I struggle maintaining healthy work life balance, and I suspect that this is true for many other software engineers.

Recently, joining back work after an extended holiday break, I felt this disruption acutely. I actively need to tackle this problem, as otherwise I slip into an unhealthy pattern of constantly ruminating on work concerns. This leads to affecting quality time spent with family, and ultimately making performance at work suffer.

Reasons why work life balance requires active management, and what I do about it:

  1. Writing computer programs is purely a mental activity, with little or no constraints. This means that problems can be thought continuously and for people like me who have a sense of program and data structure elegance, it is harder to feel satisfied.
    • When I actively code, I keep reminding myself of DRY, YAGNI, and KISS to help my expectations from my own code grounded.
  2. New technology, distributed systems, and layered architecture makes it harder to troubleshoot and diagnose failures. Many times, things do not work correctly either because of misconfiguration and or because of not understanding event rules for a distributed system. These problems are infuriating, and often turn out to be solved with simple changes in configuration.

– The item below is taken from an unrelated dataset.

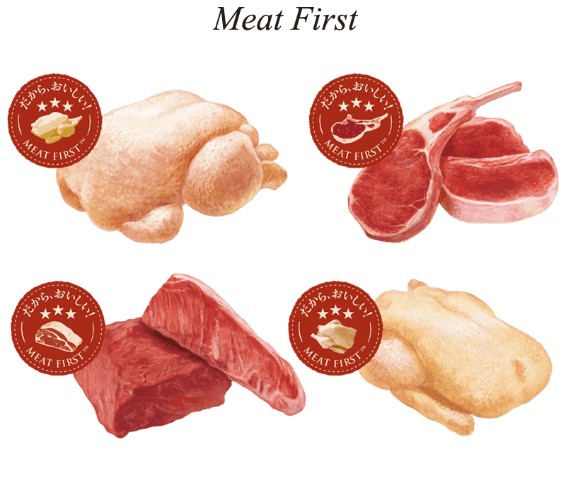 愛犬の体に必要なアミノ酸をバランスよく含むチキン・ビーフ・ラム・ダックなどの肉を第一主原料に使用し、おいしさをそのまま封じ込めました。

    • Pair programming helps to some extent in debugging, analyzing, and concurrently addressing some of these concerns.
  3. My current job is about helping multiple teams succeed in related business areas. This translates into lots of context switching between people management, project coordination and blockers, and navigating technology decisions. Also, in the post covid-19 world, adjusting to hybrid work place makes certain decisions easier (typically single threaded) to make, and others that require cross organization alignment more challenging. Any given day, I have no shortage of interesting and complex problems to think about. I have caught myself thinking about these problems deep in the night, or even at meal times with the family.
    • Writing my thoughts in a journal, making TODO’s, and meditation techniques help me uncover my information gaps, and gives me back valuable space and time to think better.

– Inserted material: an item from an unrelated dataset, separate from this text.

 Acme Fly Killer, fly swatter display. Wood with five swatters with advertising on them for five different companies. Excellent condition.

  4. I am a first generation immigrant in the US, and my extended family is back in India. On a daily basis, very little changes or new concerns bubble up for my small family in the US.
    • I call into family back home some times just so that I can learn about very different concerns, and that provides distraction.
    • I also distract myself with different hobbies of planning travel, and or hikes to take my mind off of work.
  5. My dominant hobby is also technology, and I read, browse, and skim, linked articles and blogs on hacker news, and other social media sites such as reddit voraciously. Even though many of the articles are interesting, they tend to take me back to work concerns, as invariably there is a comparison that starts to emerge.
    • Lately, I have been playing around with a concept of building a personal ROI on tech media consumption. I am trying to record my time spent browsing, and useful information gleaned. My hope is that this data will help temper this habit.